▶ _EXERCISE DIRECTIONS_
Below are the records; extract from them the line containing "20241003 Рядом с" to the line containing "Stylowy, nowoczesny apartament", both lines included, exactly and with no pictures.

▶ _DATASET RECORDS_
______

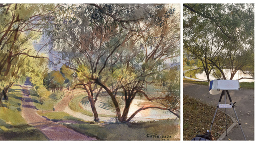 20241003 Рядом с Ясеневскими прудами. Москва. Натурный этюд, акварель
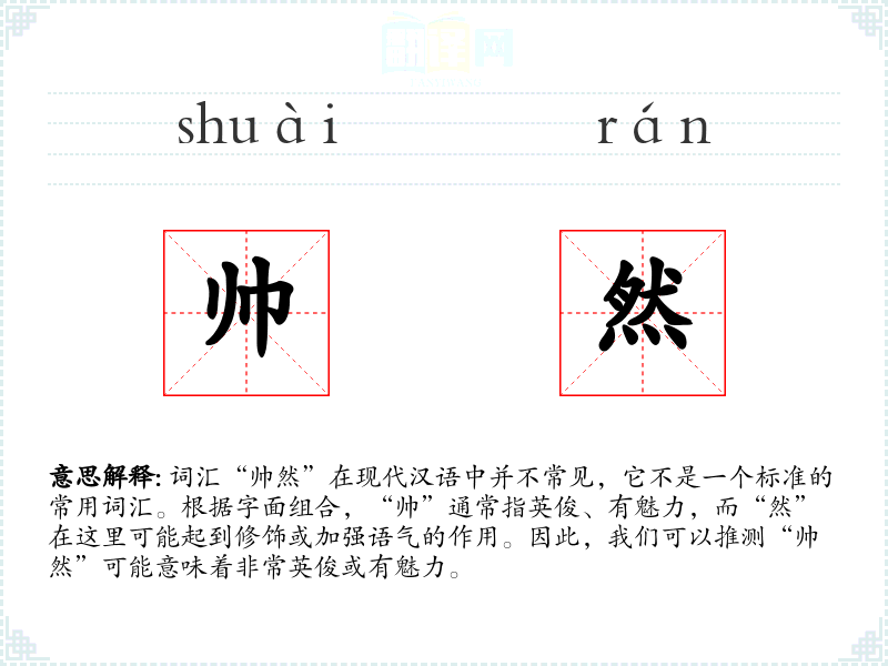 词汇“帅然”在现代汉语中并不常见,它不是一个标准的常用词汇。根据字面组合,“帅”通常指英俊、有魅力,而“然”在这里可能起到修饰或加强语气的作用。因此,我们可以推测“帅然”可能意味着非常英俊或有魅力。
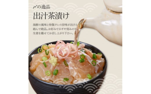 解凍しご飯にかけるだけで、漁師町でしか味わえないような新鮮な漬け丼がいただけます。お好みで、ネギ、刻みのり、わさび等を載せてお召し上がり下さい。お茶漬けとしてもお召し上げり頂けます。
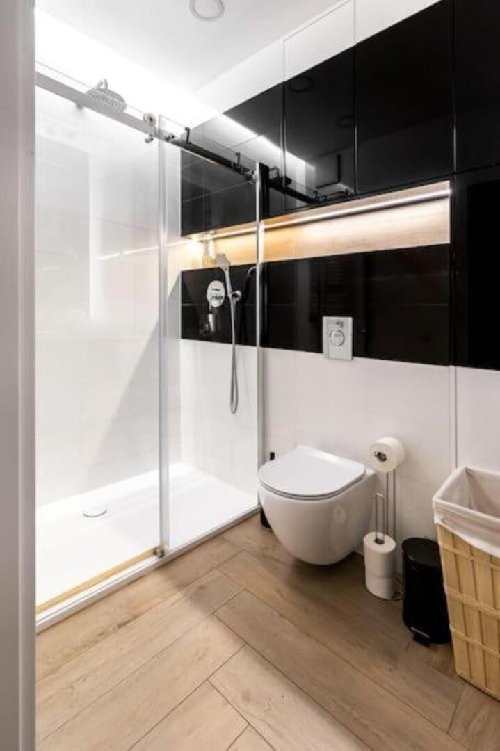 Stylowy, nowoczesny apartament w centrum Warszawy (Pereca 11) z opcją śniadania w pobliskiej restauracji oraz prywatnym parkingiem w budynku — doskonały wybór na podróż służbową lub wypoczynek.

______

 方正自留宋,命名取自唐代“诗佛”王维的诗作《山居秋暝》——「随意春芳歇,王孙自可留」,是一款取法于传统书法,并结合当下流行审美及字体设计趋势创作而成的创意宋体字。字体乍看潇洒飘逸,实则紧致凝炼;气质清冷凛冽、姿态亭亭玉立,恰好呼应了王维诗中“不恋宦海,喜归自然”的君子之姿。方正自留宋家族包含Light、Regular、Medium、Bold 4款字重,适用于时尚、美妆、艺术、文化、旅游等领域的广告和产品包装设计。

______

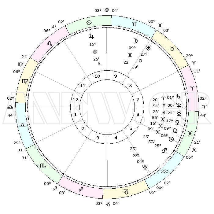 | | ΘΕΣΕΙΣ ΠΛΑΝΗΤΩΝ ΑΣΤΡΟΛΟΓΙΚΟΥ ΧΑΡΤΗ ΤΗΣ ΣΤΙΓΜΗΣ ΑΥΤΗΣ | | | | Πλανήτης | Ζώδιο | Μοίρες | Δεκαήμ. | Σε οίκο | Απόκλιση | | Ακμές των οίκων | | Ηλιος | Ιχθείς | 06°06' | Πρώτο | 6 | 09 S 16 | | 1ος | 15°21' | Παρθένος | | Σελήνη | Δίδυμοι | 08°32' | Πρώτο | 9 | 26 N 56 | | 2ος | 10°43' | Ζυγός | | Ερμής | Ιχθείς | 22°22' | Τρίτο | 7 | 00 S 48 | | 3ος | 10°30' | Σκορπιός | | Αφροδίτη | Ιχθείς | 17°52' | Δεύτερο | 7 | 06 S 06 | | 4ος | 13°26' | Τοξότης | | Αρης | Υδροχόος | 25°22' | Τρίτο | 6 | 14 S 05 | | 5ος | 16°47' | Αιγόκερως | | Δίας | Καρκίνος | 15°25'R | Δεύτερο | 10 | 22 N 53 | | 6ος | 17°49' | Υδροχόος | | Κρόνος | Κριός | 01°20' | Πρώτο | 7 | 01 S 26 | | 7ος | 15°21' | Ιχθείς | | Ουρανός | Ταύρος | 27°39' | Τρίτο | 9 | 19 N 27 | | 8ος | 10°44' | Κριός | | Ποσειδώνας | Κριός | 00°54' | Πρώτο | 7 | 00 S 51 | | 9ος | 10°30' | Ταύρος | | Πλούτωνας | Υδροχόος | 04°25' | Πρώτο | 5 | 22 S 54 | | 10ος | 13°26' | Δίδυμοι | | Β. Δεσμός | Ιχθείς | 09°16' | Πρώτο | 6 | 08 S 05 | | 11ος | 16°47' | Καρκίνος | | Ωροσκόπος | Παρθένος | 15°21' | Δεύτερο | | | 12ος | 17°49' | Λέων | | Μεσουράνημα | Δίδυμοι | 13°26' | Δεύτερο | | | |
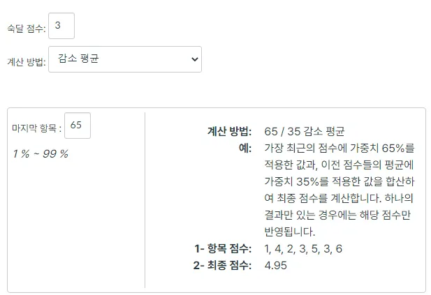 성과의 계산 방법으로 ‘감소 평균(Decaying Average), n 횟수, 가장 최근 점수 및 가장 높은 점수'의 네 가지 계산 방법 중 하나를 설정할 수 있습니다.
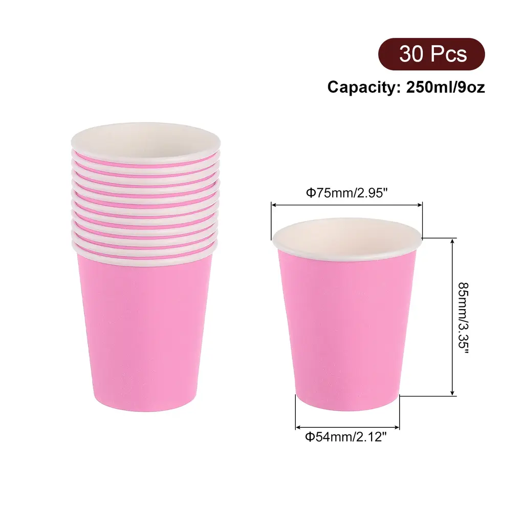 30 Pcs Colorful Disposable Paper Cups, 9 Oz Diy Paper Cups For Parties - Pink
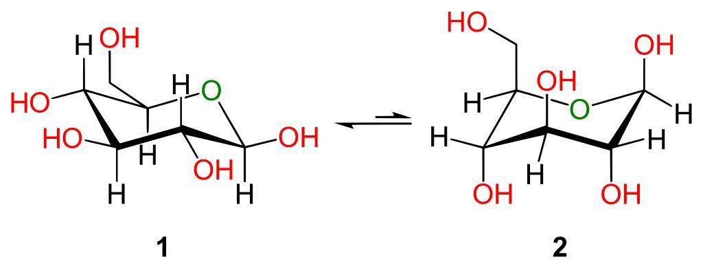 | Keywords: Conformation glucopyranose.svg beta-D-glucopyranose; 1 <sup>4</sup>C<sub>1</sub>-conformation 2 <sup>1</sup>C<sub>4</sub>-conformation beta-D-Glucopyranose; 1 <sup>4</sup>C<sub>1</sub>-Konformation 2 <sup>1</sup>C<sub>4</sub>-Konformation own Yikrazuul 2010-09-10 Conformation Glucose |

______

▶ _ANSWER SPACE_
 20241003 Рядом с Ясеневскими прудами. Москва. Натурный этюд, акварель
 词汇“帅然”在现代汉语中并不常见,它不是一个标准的常用词汇。根据字面组合,“帅”通常指英俊、有魅力,而“然”在这里可能起到修饰或加强语气的作用。因此,我们可以推测“帅然”可能意味着非常英俊或有魅力。
 解凍しご飯にかけるだけで、漁師町でしか味わえないような新鮮な漬け丼がいただけます。お好みで、ネギ、刻みのり、わさび等を載せてお召し上がり下さい。お茶漬けとしてもお召し上げり頂けます。
 Stylowy, nowoczesny apartament w centrum Warszawy (Pereca 11) z opcją śniadania w pobliskiej restauracji oraz prywatnym parkingiem w budynku — doskonały wybór na podróż służbową lub wypoczynek.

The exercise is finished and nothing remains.